David is willing to be a pragmatist with respect to truth when needs be.
The ministry is becoming more regional, more well-known and
the crush of the crowds following Jesus is becoming greater by the day it
seems. They come to hear and to be
healed, to see this man of whom they have heard great things and He can go
nowhere without being followed. Demons
fall before Him, crying out His identity but with a word He silences them,
their testimony is unwanted and unwelcome, their desire is to press the issue,
force the time to come ahead of God’s timing, they do not know the end of God’s
plan, they are hoping to create their own.
The leaders of the synagogue in Pisidian Antioch couldn’t
have been prepared for Paul when they asked, “Brothers, if you have any word of
encouragement for the people, say it.”
No one would have imagined that Paul was going to preach Messiah had
come and was crucified.
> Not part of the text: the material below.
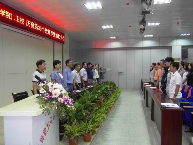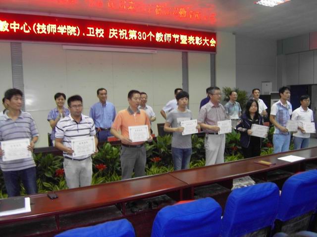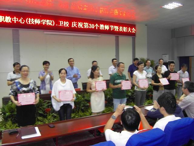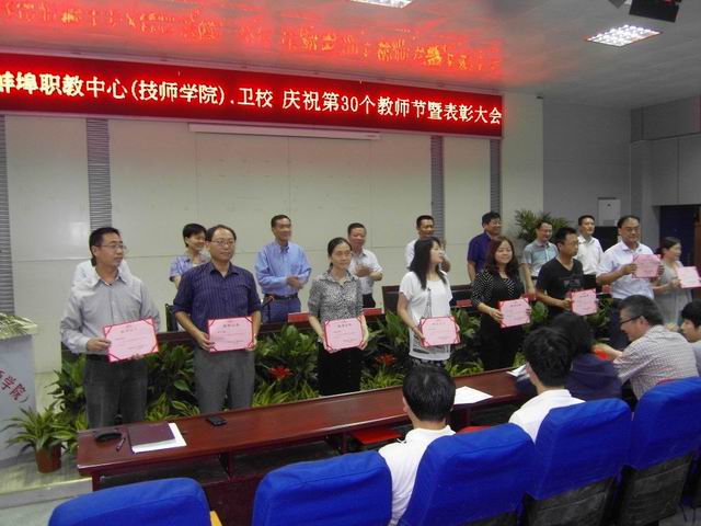 9月9日下午4:30,我校举行庆祝第30个教师节暨表彰大会,对2014年在省级以上技能大赛和课堂教学比赛中获奖的教师、2013年度考核优秀等次教职工以及评选出的校级优秀教师和师德标兵进行表彰。校领导陈元高、胡业武、马富强、卢嘉砾、张玉琳、宋晓宾、包太平、陈劲松出席大会。大会由校党委副书记马富强主持。

As He began His
presentation they probably settled in and listened as he remarkably quickly
skipped through a couple thousand years of Israel’s history and then suddenly
proclaimed that God had sent Jesus, a descendant of Jesse’s son, David, as
savior. All the other history, the time
in Egypt, the wilderness, the giving of the Law, the conquest of the land, the
periods of the judges and kings, the exile from the land, all of it, was
nothing more than prelude to something God was doing in Jesus. Nothing anyone did brought it about, John
proclaimed it and prepared people for it, but God did it on His own. Do we ever trust in God’s sovereignty in real
time or only after the fact when we see it clearly? What is going on in your life today that
makes you uneasy about the future? What
are you doing about that, resting in Him or grasping to make something happen?